─── Provided data ───

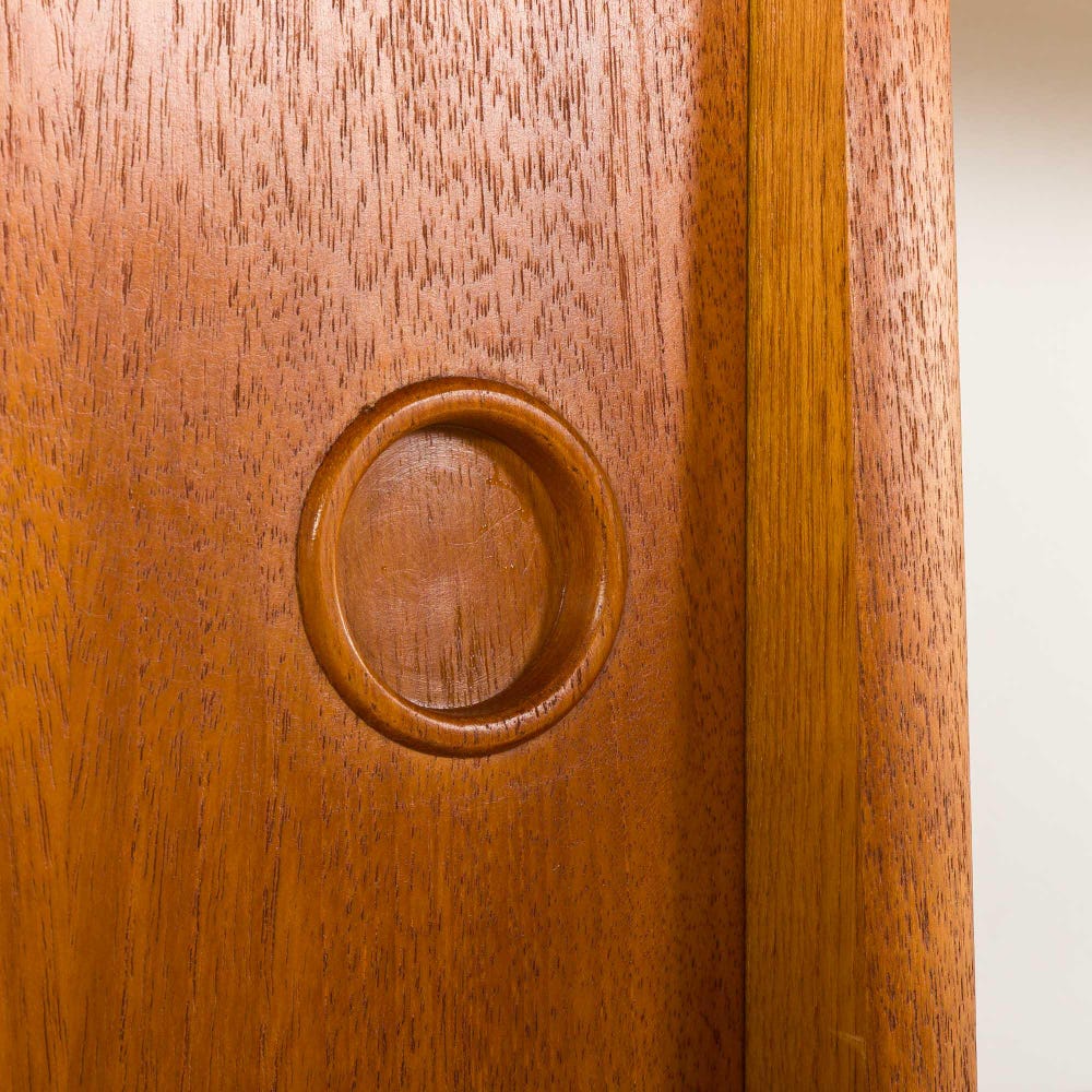 Excellent vintage condition with very light, age-appropriate wear. The teak has developed a rich patina, and the oiled finish highlights the natural beauty of the wood grain. The back of the cabinets is marked “Made in Norway”, confirming its authenticity and origin.
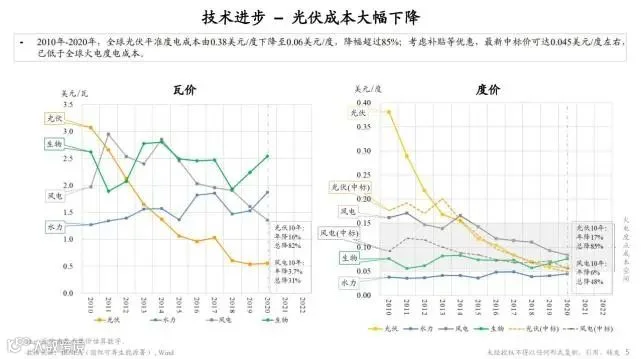 再看新优势,就是技术进步使得光伏成本大幅下降。在过去的十年,光伏的度电价格降幅超过85%。左图中每瓦的光伏装机的价格有一个很大的降幅,然后看右图中光伏每度电的价格也有了大幅度下降,这也是在几种不同的可再生能源类别中成本降幅最快的,这样的话就大大提升了光伏的经济可行性。
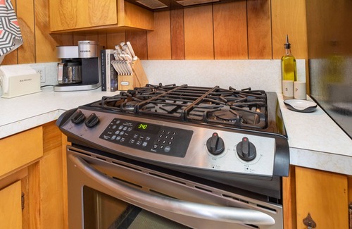 Cutlery for 8, sets of kid plates, bowls and cutlery, serve ware for 8, bakeware, wine glasses, coffee mugs, gas stove, cast iron skillets, pots and pans, crock pot, blender, toaster, electric mixer, muffin tins, mixing bowls, serving dishes, Keurig coffee maker dual maker with pot and Kcups, pizza pan, cookie sheets, Brita water pitcher, quality knife block set, cutting boards, cookbooks.
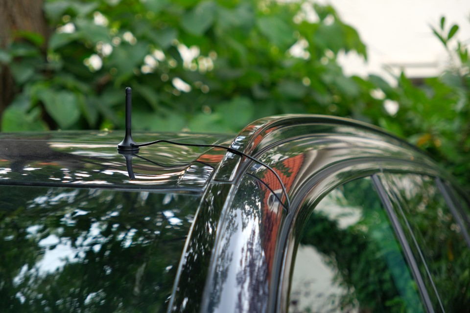 - Clean the roof area; place the magnetic antenna on the metal surface.
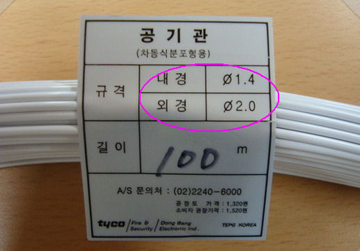 6. 대부분 연결된 배관은 외경2mm. 내경1.4mm정도의 피복이 되어 있는 동관을 사용한다.
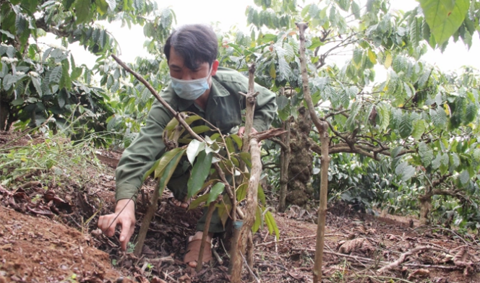 Theo ông Ngọc, gia đình có hơn 4 ha cà phê, trước đây chỉ trồng thuần cà phê từ năm 1996 đến nay vẫn chưa được tái canh. Hiện năng suất chỉ còn đạt 4 tấn/ha, thấp so với những năm trước đây.
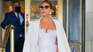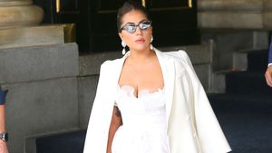 Paparazzi lichteten die 35-Jährige am Donnerstag in New York ab, als sie gerade das dortige Plaza Hotel verließ. Die „Bad Romance“-Interpretin bot den Fotografen eine wahrhaft spektakuläre Show: Lady Gaga trug eine traumhafte weiße Robe mit einem tiefen Ausschnitt und wellenförmigen Tüll, der ihre Beine umschmeichelte – der Dress des italienischen Designers Giambattista Valli könnte glatt als Brautkleid durchgehen! Dazu kombinierte sie cremefarbene Pumps, einen farblichen passenden Mantel, eine markante Sonnenbrille, XXL-Perlenohrringe sowie eine mintfarbene Clutch.
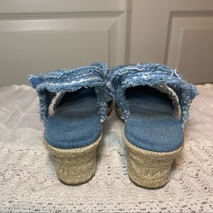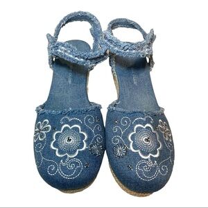 MONTEGO Bay Club Distressed Embroidered Floral Jeans Wedge Ankle Espadrilles 6.5
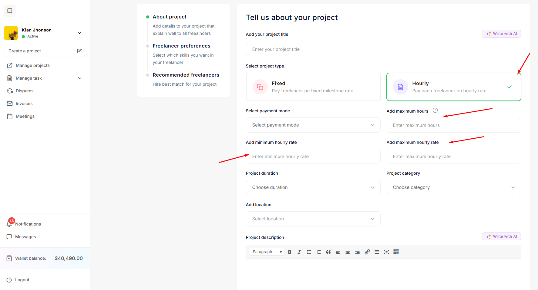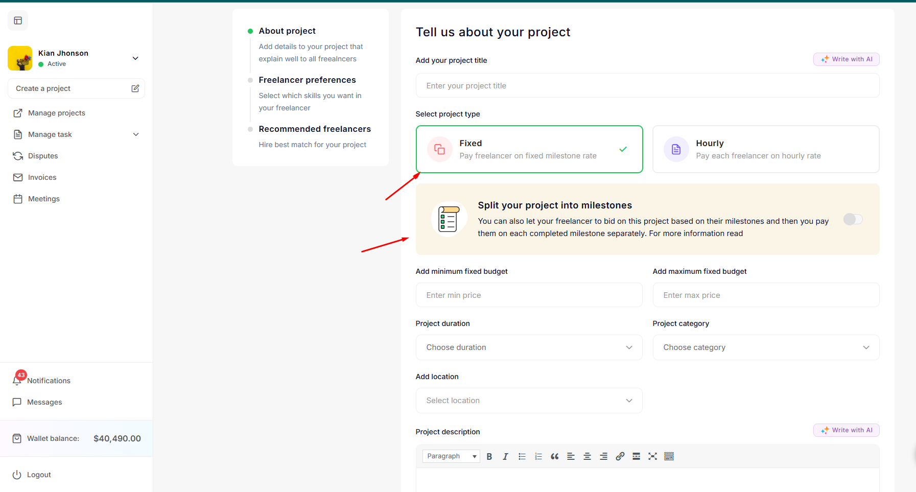 After clicking on any option, the project creation form will be displayed. Here, the employer can update the project details. The employer can choose whether the project will be fixed price or hourly based. If the employer opts for a fixed price project, he can add the option to create milestones for that project. If the employer creates a project based on hourly rates, then the project will operate on an hourly basis. After filling the fields click on Save & continue
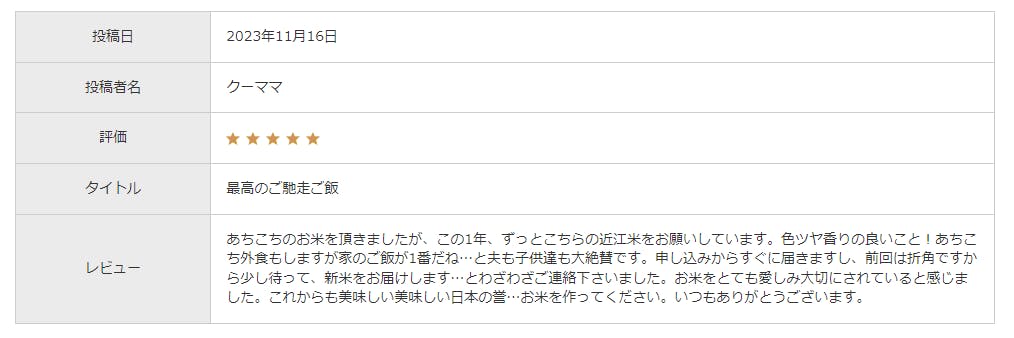 リピーターの皆様からは「他の有名産地のお米を食べていたが、乗り換えました」というお声を多数いただいております。お弁当屋さんや和食店でも高い評価をいただいており、特に兵庫県芦屋市周辺や関西・関東のお客様から多くの支持を得ています。
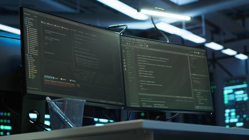 Computers in data center facility used for managing hardware mainframe energy consumption. Close up on PC displays in high tech establishment used for automation and monitoring processes in server hub Pro Video

───

# Task brief
Your task is to copy only the lines above starting at the one containing "Cutlery for 8, sets" and ending at the one containing "Theo ông Ngọc, gia". Copy them exactly, both ends included, and omit the pictures.

# Output of the task
 Cutlery for 8, sets of kid plates, bowls and cutlery, serve ware for 8, bakeware, wine glasses, coffee mugs, gas stove, cast iron skillets, pots and pans, crock pot, blender, toaster, electric mixer, muffin tins, mixing bowls, serving dishes, Keurig coffee maker dual maker with pot and Kcups, pizza pan, cookie sheets, Brita water pitcher, quality knife block set, cutting boards, cookbooks.
 - Clean the roof area; place the magnetic antenna on the metal surface.
 6. 대부분 연결된 배관은 외경2mm. 내경1.4mm정도의 피복이 되어 있는 동관을 사용한다.
 Theo ông Ngọc, gia đình có hơn 4 ha cà phê, trước đây chỉ trồng thuần cà phê từ năm 1996 đến nay vẫn chưa được tái canh. Hiện năng suất chỉ còn đạt 4 tấn/ha, thấp so với những năm trước đây.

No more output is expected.